# WORK ORDER:
Find every line containing the word "between" in the records below; report only how many there are.

(Dataset entries)
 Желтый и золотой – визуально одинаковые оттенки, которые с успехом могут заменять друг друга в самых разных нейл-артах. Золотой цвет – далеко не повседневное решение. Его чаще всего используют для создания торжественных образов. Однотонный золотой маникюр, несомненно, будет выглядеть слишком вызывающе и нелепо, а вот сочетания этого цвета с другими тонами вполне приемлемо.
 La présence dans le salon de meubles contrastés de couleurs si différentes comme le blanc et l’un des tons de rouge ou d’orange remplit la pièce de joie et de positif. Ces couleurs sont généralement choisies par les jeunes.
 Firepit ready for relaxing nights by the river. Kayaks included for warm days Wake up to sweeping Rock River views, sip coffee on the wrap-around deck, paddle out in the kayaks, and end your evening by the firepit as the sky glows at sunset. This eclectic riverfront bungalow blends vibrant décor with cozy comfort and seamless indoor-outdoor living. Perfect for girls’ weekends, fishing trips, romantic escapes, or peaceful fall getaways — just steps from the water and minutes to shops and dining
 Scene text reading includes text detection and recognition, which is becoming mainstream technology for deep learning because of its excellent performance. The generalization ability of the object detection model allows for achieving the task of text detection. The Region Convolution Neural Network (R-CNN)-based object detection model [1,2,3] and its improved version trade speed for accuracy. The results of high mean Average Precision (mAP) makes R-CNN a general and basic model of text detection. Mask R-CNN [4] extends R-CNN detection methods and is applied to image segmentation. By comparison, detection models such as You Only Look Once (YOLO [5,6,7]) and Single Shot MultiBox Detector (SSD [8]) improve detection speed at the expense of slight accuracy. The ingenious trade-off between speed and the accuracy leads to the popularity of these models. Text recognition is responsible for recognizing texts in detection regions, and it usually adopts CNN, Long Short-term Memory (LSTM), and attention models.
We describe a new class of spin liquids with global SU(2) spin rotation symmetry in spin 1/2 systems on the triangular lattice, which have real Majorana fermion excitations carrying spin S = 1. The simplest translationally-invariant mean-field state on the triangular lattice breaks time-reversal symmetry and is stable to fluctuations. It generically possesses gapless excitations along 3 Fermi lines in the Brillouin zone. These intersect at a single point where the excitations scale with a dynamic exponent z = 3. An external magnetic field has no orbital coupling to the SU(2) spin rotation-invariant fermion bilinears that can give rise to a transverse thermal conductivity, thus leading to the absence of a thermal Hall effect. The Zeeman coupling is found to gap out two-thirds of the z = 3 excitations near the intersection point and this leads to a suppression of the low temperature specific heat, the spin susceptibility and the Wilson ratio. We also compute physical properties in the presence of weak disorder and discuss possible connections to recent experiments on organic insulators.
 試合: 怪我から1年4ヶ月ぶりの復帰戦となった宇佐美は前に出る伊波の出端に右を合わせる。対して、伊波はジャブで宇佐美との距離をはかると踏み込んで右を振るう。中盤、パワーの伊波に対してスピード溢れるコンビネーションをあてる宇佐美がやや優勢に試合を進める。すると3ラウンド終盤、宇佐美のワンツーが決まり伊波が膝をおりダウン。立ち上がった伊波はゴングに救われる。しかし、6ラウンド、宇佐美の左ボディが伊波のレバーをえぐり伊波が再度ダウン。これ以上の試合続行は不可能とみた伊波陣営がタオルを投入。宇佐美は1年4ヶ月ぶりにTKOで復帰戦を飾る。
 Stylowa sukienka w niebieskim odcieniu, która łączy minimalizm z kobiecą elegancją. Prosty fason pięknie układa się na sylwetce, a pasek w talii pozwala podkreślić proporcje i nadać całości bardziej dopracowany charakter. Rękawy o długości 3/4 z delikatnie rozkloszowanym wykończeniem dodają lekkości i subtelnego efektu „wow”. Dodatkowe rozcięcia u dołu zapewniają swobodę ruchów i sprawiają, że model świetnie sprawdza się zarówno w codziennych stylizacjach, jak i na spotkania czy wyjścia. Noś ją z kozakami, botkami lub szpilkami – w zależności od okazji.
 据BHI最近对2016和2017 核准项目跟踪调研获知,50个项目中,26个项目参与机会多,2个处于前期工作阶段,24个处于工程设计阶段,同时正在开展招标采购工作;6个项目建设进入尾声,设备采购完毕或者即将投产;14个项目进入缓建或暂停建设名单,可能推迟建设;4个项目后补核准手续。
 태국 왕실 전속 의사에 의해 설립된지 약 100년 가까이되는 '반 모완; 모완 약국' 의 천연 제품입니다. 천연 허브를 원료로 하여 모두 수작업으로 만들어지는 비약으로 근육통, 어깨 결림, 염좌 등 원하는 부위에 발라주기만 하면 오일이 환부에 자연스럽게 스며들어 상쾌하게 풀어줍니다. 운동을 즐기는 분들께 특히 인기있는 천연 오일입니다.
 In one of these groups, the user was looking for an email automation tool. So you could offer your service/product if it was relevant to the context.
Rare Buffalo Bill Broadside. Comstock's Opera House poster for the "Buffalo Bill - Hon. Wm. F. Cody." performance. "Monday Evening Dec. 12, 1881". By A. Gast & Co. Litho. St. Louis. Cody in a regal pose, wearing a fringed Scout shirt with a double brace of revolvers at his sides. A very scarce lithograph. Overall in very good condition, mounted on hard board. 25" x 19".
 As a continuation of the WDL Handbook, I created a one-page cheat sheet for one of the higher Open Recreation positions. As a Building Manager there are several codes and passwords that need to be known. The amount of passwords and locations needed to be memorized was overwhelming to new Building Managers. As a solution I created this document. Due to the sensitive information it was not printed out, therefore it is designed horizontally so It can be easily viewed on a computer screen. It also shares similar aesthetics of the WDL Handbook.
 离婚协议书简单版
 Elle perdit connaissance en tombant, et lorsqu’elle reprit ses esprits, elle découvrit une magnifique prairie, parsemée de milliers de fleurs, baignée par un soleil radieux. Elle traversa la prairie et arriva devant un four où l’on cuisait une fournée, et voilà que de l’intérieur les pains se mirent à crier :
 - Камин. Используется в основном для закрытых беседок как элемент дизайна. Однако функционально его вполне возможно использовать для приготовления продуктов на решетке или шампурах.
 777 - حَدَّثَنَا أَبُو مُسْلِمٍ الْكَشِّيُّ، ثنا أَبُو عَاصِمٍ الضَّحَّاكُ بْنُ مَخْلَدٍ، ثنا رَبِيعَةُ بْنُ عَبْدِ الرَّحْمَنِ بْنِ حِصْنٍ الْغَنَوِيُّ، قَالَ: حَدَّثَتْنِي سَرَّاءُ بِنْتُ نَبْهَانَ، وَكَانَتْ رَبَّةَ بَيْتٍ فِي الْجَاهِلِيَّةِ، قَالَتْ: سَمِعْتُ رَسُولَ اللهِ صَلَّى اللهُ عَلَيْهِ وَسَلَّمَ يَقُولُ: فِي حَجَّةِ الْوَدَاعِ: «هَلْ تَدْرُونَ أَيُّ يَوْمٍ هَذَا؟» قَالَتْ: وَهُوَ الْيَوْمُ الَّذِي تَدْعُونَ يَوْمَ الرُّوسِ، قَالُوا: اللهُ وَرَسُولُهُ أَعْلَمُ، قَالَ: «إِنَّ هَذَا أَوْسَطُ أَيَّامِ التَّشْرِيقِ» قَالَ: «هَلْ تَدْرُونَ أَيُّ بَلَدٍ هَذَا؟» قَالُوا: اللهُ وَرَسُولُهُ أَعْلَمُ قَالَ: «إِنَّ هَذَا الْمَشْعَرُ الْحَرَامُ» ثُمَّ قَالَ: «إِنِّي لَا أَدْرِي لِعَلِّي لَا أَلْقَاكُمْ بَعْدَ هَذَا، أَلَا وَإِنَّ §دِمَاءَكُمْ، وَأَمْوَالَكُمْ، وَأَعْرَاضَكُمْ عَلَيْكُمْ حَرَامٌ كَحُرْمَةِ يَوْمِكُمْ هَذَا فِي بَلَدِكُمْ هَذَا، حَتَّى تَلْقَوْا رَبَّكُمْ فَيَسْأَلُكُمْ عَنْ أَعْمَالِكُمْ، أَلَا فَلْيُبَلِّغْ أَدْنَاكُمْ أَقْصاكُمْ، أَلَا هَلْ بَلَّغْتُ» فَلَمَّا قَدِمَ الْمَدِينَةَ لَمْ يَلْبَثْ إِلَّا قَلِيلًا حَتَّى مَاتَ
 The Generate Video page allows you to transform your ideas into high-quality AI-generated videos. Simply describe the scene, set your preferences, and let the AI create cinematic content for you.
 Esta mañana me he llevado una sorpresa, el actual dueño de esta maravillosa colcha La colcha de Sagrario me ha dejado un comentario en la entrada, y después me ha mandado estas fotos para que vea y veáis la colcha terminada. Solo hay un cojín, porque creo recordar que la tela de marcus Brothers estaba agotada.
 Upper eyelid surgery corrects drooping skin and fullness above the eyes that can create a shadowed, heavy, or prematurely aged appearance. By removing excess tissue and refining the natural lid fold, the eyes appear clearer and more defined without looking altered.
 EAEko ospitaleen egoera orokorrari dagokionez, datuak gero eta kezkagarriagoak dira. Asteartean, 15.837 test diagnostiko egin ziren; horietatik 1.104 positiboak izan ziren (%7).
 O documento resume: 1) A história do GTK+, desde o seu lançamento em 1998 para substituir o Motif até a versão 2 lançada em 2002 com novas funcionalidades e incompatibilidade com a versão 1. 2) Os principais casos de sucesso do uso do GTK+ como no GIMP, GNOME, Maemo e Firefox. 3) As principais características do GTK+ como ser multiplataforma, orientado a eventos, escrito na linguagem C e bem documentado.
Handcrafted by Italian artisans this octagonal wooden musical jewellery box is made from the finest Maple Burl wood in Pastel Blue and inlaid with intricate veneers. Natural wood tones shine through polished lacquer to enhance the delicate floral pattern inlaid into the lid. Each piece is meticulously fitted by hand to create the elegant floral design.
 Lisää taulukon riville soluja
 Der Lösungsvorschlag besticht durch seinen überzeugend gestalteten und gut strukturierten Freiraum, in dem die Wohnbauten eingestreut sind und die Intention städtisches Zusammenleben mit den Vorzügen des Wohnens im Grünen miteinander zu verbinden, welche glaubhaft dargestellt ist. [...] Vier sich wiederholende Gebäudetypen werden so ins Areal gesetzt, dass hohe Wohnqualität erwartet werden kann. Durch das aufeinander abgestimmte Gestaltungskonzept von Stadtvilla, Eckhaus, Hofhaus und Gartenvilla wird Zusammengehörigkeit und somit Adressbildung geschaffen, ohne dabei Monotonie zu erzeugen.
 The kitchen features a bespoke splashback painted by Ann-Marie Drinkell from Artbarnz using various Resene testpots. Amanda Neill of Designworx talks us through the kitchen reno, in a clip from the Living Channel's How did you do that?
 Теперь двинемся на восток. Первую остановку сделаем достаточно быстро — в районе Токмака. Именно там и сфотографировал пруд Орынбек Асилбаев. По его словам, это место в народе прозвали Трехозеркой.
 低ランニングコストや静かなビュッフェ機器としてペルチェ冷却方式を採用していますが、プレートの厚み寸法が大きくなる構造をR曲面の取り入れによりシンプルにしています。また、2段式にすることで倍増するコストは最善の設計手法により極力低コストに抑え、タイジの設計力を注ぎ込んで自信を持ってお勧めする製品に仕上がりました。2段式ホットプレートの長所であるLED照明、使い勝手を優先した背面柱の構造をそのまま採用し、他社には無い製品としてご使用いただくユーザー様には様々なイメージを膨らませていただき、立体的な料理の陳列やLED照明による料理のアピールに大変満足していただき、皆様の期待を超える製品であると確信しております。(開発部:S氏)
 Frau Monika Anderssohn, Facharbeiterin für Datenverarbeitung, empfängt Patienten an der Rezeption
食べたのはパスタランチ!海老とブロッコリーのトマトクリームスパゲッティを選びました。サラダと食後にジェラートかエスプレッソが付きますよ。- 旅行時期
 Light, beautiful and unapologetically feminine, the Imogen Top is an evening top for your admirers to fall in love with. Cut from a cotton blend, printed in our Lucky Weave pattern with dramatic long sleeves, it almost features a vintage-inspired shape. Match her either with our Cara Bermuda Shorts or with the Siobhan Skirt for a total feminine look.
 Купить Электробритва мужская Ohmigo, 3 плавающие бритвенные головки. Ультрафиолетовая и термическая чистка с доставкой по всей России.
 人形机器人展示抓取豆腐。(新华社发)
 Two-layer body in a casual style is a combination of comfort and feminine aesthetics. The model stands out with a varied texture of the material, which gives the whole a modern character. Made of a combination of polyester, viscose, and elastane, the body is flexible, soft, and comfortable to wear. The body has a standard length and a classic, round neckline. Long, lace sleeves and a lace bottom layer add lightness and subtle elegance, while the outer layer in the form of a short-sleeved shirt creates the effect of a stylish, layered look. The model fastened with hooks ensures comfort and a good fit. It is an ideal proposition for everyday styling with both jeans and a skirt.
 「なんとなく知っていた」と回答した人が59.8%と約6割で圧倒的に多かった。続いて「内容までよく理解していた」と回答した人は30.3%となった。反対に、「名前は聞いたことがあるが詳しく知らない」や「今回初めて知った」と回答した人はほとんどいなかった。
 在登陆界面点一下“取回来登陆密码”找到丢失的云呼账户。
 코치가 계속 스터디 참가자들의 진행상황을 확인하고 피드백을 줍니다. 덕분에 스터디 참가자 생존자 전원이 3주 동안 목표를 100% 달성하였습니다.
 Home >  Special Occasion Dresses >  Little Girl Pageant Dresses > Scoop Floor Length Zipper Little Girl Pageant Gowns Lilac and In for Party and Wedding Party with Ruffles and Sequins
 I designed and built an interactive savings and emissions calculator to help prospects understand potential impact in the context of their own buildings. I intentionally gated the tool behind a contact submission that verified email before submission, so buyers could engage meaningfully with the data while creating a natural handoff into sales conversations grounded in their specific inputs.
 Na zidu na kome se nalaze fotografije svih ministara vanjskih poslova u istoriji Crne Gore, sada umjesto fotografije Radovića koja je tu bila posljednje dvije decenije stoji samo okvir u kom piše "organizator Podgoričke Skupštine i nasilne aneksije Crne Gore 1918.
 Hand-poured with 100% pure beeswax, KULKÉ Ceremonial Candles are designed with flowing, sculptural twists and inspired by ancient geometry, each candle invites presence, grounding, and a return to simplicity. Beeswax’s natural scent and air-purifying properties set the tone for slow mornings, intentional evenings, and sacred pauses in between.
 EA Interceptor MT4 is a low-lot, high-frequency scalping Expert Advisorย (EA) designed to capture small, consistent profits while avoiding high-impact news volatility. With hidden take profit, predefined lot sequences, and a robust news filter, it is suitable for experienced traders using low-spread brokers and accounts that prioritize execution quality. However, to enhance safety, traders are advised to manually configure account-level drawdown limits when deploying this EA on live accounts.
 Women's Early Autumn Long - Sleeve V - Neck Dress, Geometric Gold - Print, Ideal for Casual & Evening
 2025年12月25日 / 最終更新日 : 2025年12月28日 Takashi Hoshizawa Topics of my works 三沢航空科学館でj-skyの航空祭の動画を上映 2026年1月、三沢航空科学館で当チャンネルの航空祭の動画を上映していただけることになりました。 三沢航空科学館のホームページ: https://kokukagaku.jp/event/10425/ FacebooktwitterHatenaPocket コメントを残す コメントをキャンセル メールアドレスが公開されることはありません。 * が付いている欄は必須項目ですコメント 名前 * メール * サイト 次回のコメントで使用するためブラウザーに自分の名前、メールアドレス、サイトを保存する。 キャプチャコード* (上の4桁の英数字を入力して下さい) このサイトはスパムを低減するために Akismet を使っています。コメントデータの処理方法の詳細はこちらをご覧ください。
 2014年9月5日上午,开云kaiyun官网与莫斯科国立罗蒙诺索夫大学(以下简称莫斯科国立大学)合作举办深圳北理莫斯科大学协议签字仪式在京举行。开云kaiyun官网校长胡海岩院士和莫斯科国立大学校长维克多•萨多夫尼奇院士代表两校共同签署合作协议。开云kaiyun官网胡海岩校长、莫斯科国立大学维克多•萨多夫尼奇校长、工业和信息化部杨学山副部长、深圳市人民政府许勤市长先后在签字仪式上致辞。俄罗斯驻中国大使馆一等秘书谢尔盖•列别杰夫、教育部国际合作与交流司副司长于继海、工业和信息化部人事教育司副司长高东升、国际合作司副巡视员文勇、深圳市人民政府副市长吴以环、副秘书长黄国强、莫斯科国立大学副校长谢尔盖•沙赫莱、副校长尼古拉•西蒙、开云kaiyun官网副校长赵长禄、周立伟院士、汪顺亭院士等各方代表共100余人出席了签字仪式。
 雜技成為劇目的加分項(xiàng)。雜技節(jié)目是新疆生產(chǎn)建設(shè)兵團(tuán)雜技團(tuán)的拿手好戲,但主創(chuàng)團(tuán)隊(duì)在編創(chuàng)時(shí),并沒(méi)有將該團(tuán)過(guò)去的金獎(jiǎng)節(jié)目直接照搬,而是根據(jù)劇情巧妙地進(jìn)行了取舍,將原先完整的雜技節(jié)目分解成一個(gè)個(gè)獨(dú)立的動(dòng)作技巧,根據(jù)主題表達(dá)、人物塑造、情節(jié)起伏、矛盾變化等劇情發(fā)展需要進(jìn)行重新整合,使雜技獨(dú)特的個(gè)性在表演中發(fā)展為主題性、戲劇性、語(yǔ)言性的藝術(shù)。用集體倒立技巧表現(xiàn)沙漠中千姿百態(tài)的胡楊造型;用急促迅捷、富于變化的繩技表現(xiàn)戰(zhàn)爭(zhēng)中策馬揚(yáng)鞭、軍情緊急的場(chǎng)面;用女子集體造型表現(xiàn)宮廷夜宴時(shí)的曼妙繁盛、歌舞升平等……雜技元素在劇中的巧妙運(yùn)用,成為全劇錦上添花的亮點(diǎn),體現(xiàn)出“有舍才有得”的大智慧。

# YOUR RESPONSE:
2